Hansen was subsequently scolded by Kraig Naasz, president of the National Mining Association, and Kenneth Jacobson, deputy national director of the Anti-Defamation League. Others, including Princeton bioethicist Peter Singer, back Hansen up.
Is the analogy "appropriate"? No doubt there will be a great deal more huffing and puffing on that question, which ultimately has no answer. To me it seems more fruitful to think carefully about what the analogy does and doesn't mean, and what's it's trying to do.

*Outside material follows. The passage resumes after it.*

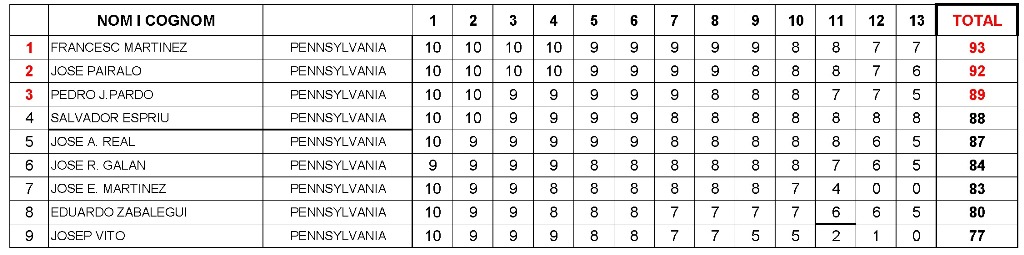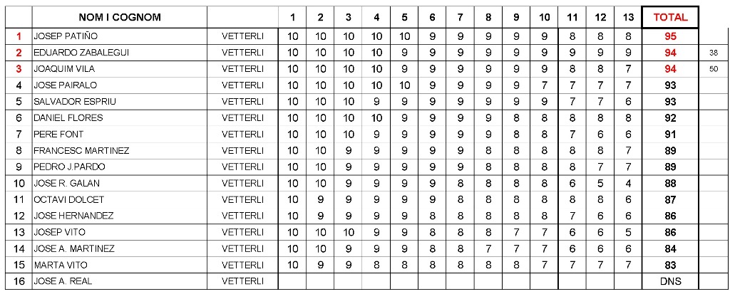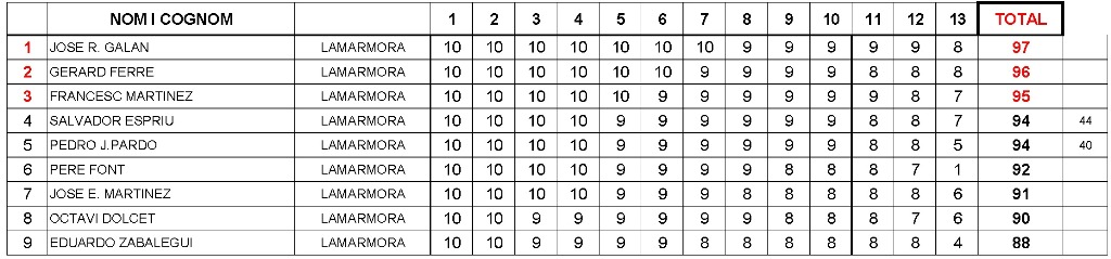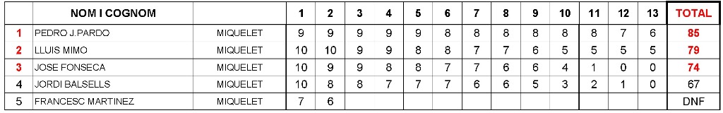 Clasificación final de la especialidad de Miquelet (mosquete militar de chispa): |

Why do we judge the Holocaust unique in history? It's not the sheer number of deaths -- there are episodes of human history in which more people died in a shorter period of time. Stalin and Mao killed more people. Wars and diseases have killed more. What gives the Holocaust its unique place in history is its origin in the deliberate intent of a single person and the chilling industrial efficiency with which that intent was carried out.
What's notable about global warming is that you get the industrial efficiency and the horrific result without the intent. You have, in effect, a holocaust with no evil. Coal miners are trying to feed their families. Utilities are trying to keep the lights on. Industries are trying to profit. Governments are trying to gain power and provide for citizens. All us developed world drivers are trying to get to and from work. Nobody intends to create a horror, but cumulatively, that's exactly what we are doing.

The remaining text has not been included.